12 Jan

#protestbaku hashtag analysis

EDIT 5pm Pacific, 5am Baku – Since this has been so popular, I’ve made a more inclusive version here.

Thankfully the hashtag #protestbaku caught on and I was able to archive the tweets for analysis. I helped create it about 3 hours before the protest started.

thebirthofahashtag

So here’s a map of the hashtag (thanks Marc Smith!)

nodexl map

link to full

What does this tangle of wires mean? These are clusters of people who are communicating with one another. You can see that there are some pretty tight networks here. (And if you’re familiar with the Azerbaijani Twitter scene, the clusters shouldn’t surprise you too much.)

Group G1 on the far left consists of a lot of Azerbaijanis who don’t live in Azerbaijan anymore. A lot of the URLs that they were tweeting can be considered ones that allow for them to “keep up” with what happened during the protest.

Group G2 are people that, more or less, were on the ground and centers around Adnan Hajizada. Their URLs tweeted were more of photos than liveblogs or videos. They also were more likely to talk about logistics – where police were, as well as break news.

Group G3 includes people that I’m not really familiar with. They linked to a lot of YouTube videos though and used words that are affiliated with the pro-government groups.

Group G4 is very much pro-government people. Their hashtags used were against the protest, more or less. Rauf Mardiyev, the leader of the pro-government youth group is the center of that.

Group G5 is more opposition but seems to center around Baxtiyar Hajiyev, another opposition leader. I’m not really sure why Baxtiyar’s group is so distance from Adnan’s. Perhaps Adnan (and Emin Milli) have a different Twitter following because of their relatively early fame and frequency of tweeting in English. Looking at Baxtiyar’s twitter confirms that he mostly tweets in Azerbaijani.

Groups G6 and G7 seems to be unimportant.

You can download an Excel spreadsheet of all of this and play around with things like word frequency — no statistical knowledge required.

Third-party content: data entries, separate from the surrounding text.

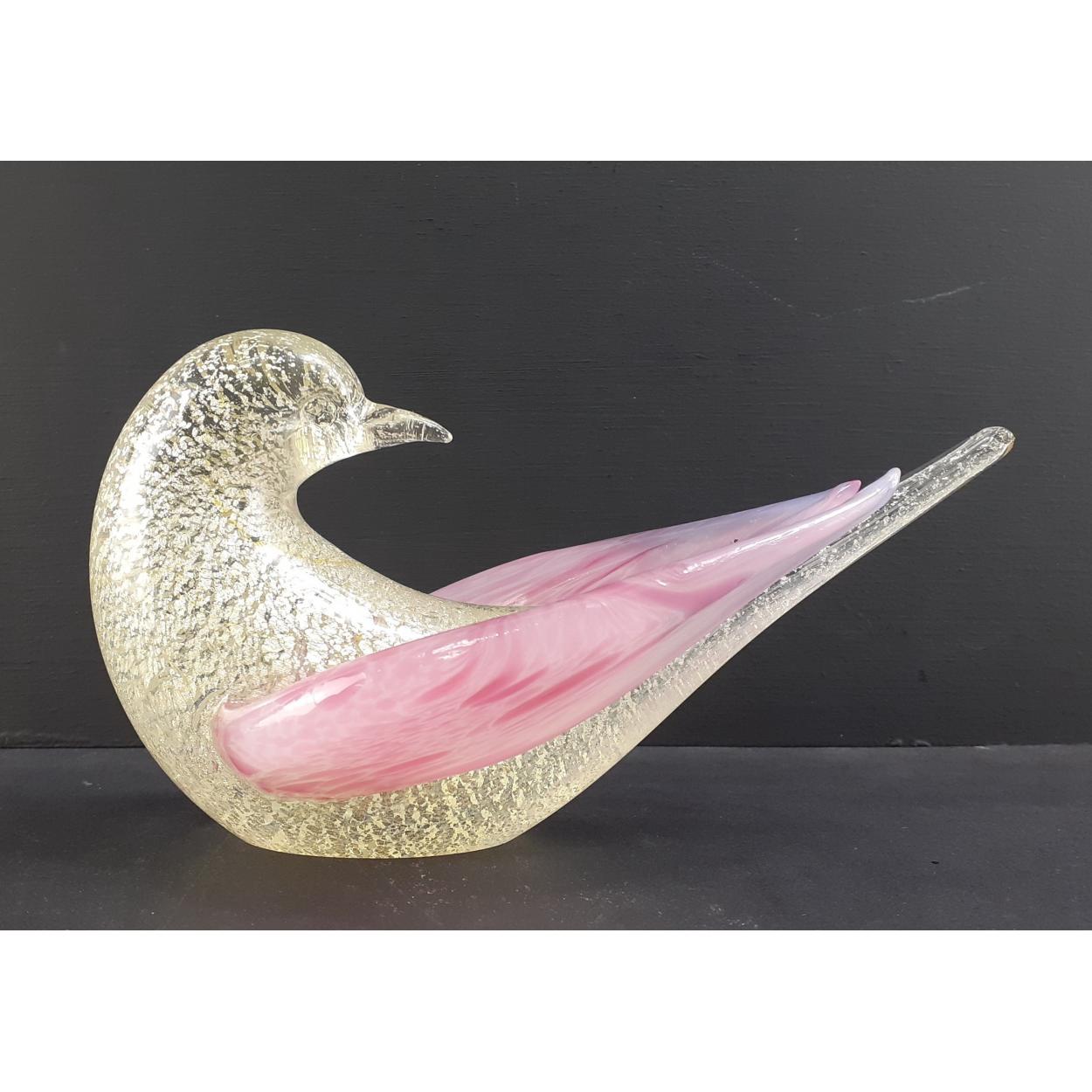 A HANDMADE MURANO style art glass bird, featuring a clear body with gold leaf inclusions and pink glass wings - dimensions 18cm length approx
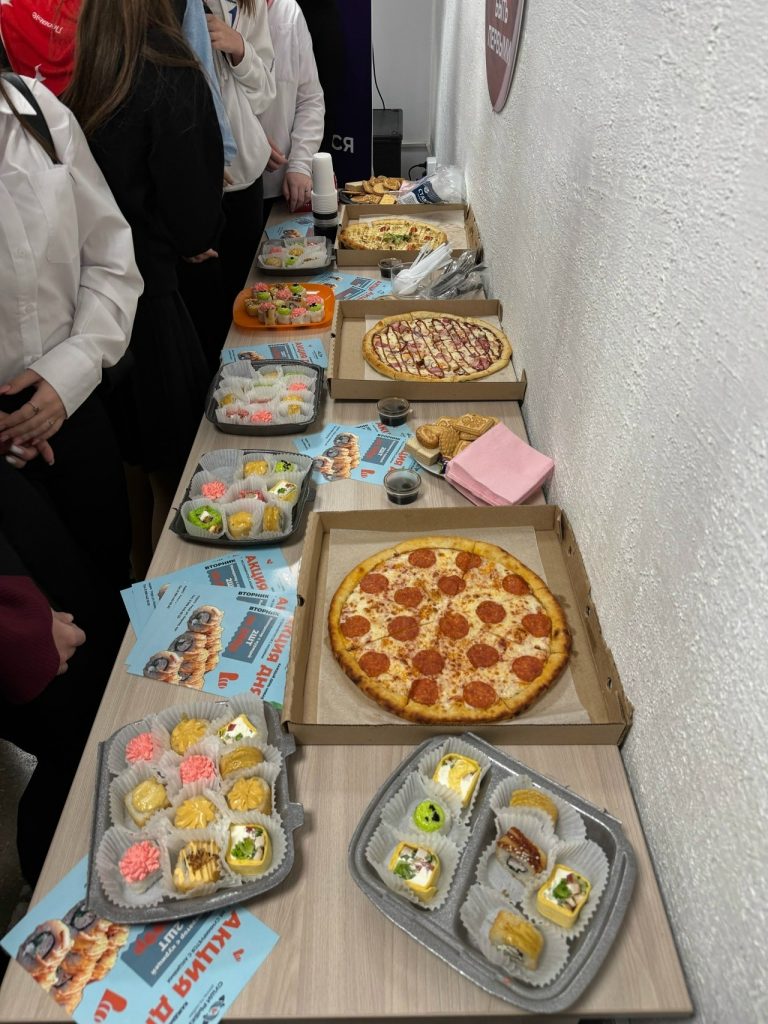 Приятным сюрпризом оказались угощения для волонтеров. Был организован чайный стол. Спонсоры мероприятия, компания Суши Рыбки угощали волонтеров вкусной пиццей и сушами
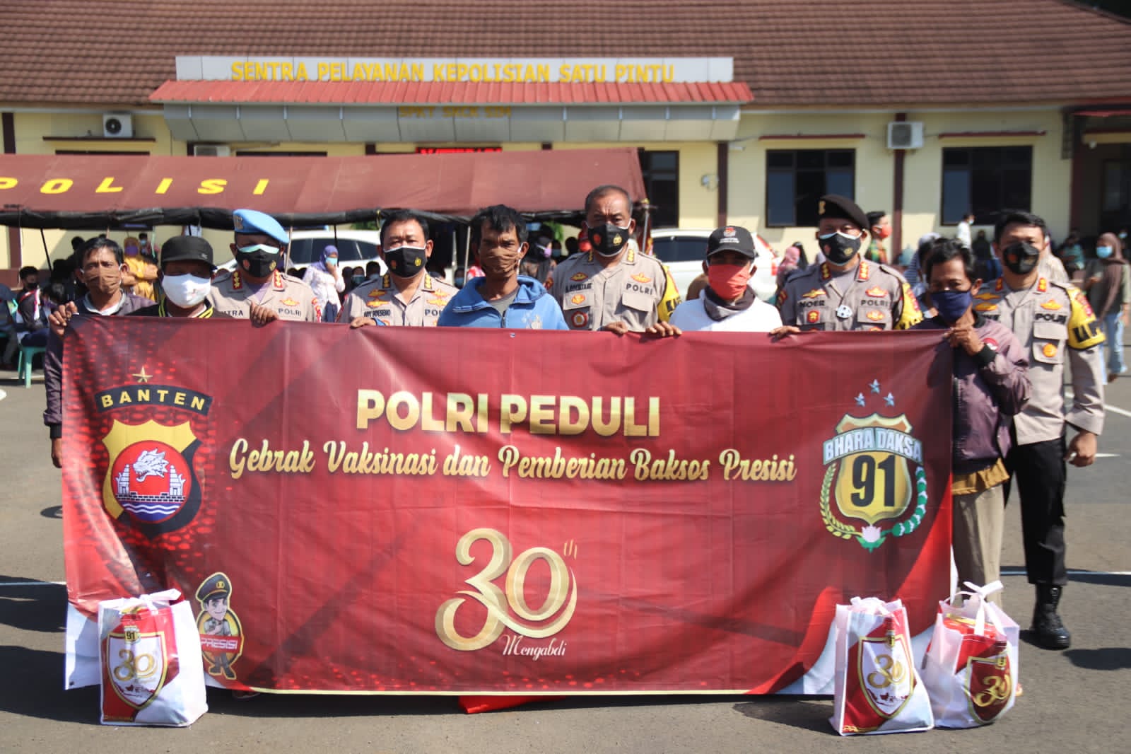 PANDEGLANG – Polri Peduli, Gebrak Vaksinasi dan Pemberian Baksos oleh Alumni Akademi Polisi (Akpol) 1991 Polda Banten kepada masyarakat yang terdampak pandemi Covid-19 di Polres Pandeglang.
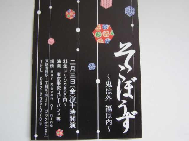 九工大のやなくて 高校の部活の時の知り合いにさそわれて 助っ人としてドラムします。 東京事変のコピーします。 あと女の子に誘われてやってますんで 俺以外メンバー女の子多めw その友達来るから 客も女の子多いと思うw 詳細は start 22:00 入るには 500円 one drink付 払ってもらえばはいれます。 演奏聴くも良し 女の子見るも良し 酒だけ飲んで帰るも良し って感じです。 自分の出番はたぶん10:00ちょいすぎ って言われたんで それくらいに来てもいいです。 画像クリックしたらおおきくなるかも 質問あれ
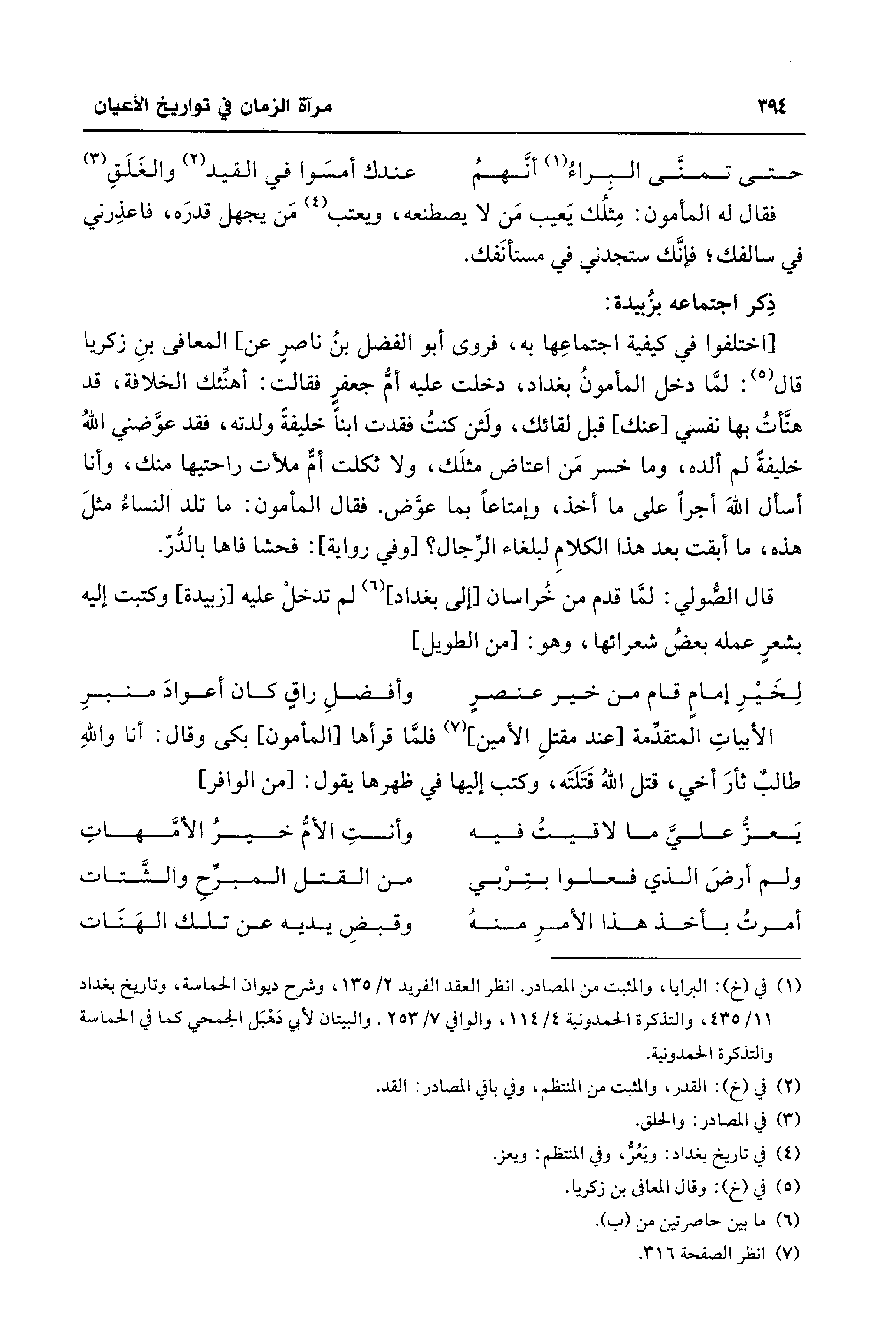 [اختلفوا في كيفية اجتماعِها به، فروى أبو الفضل بنُ ناصرٍ عن] المعافى بنِ زكريا قال (¬5): لمَّا دخل المأمونُ بغداد، دخلت عليه أمُّ جعفرٍ فقالت: أهنئك الخلافة، قد هنَّأتُ بها نفسي [عنك] قبل لقائك، ولَئن كنتُ فقدت ابنًا خليفةً ولدته، فقد عوَّضني اللهُ خليفةً لم ألده، وما خسر مَن اعتاض مثلَك، ولا ثكلت أمٌّ ملأت راحتيها منك، وأنا أسأل اللهَ أجرًا على ما أخذ، وإمتاعًا بما عوَّض. فقال المأمون: ما تلد النساءُ مثلَ هذه، ما أبقت بعد هذا الكلامِ لبلغاء الرِّجال؟ [وفي رواية]: فحشا فاها بالدُّرّ.
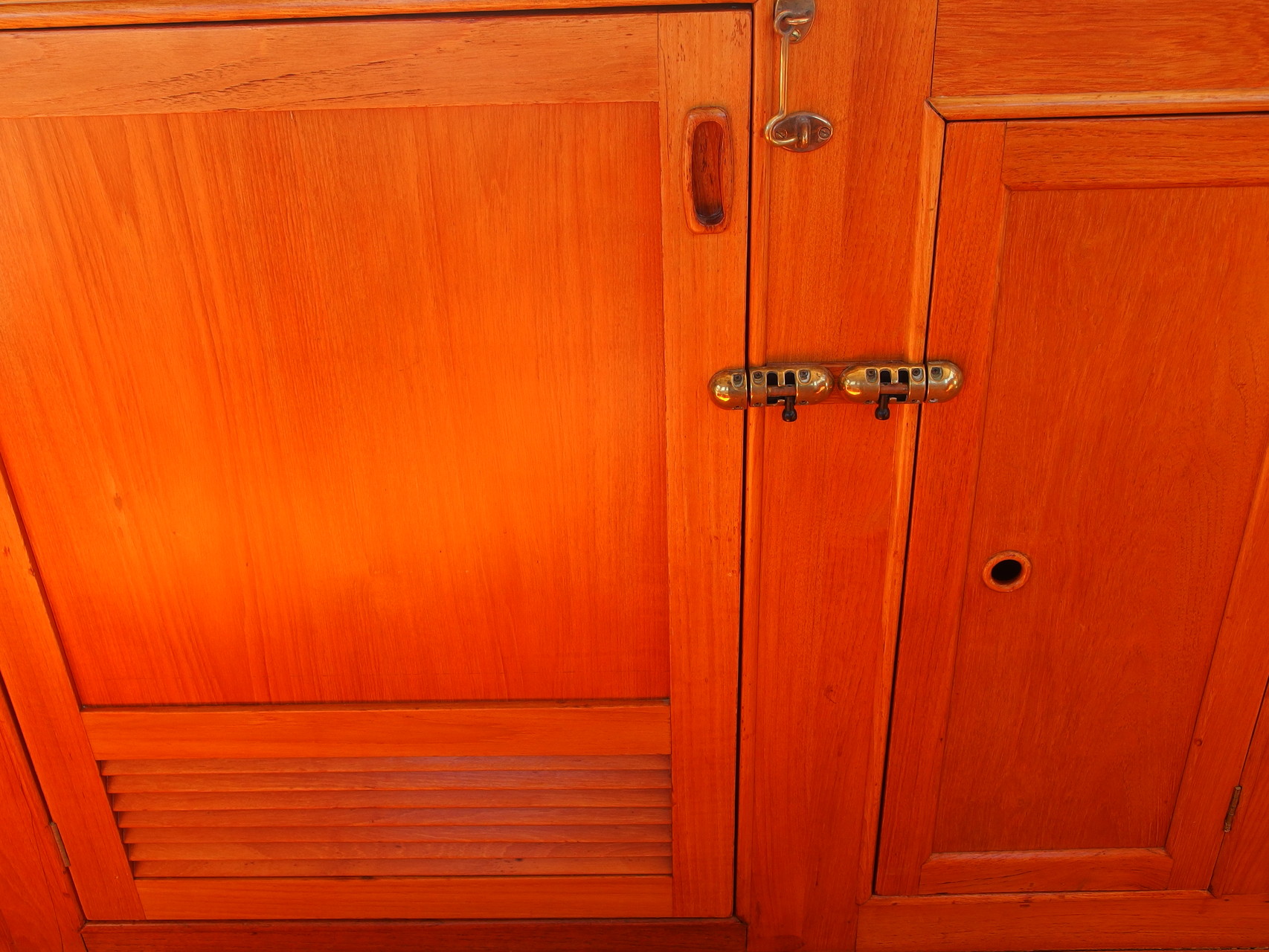 - kiinnitetty etukajuutan paapuurin teakpaneelit takaisin

I also did a TweetReach analysis of #protestbaku. You can do the last 50 tweets for free. I bought a set of 1500 tweets though. Here’s what that found.

– There were 188,045 Twitter users who were exposed to a tweet that contained the #protestbaku hashtag.
– There were over a million “impressions” – 1,075,736 to be exact. That means, essentially, someone’s eyes potentially read #protestbaku over a million times in the last day.

The twitter who got the most exposure was Jamal Ali with 50,300 impressions. The most retweeted and most mentioned was @muntezir.

With that I have a list of tweets, most popular, etc. if anyone is interested.

So what? What does this mean?

A few things…

1. In this protest, Twitter “mattered” – but it mattered in different ways for different people. For people on the ground, it was used a bit for logistics, but mostly for getting information out. For people not present, it was a way to spread information.

2. There is polarization. This isn’t surprising. I guess the amount of guff from the pro-government twitter crowd was a little new for me. They’ve gotten louder in the past year, but their simultaneous tweeting during the protest and use of the hashtag was interesting, to say the least.

3. Personally I “met” a lot of new Azerbaijani tweeters today through this hashtag. Were these people whom I just don’t run into otherwise? Were they people that don’t tweet usually but did for this event? It goes to show that a hashtag has the potential to bring people together.

4. Speaking to the clusters of groups, I wonder if someone who would be interested in pulling people together for greater collection action could focus on those people who are between networks?

I’d love to hear other thoughts on this. I usually keep my comments off to avoid spam, but I’ll turn it on now!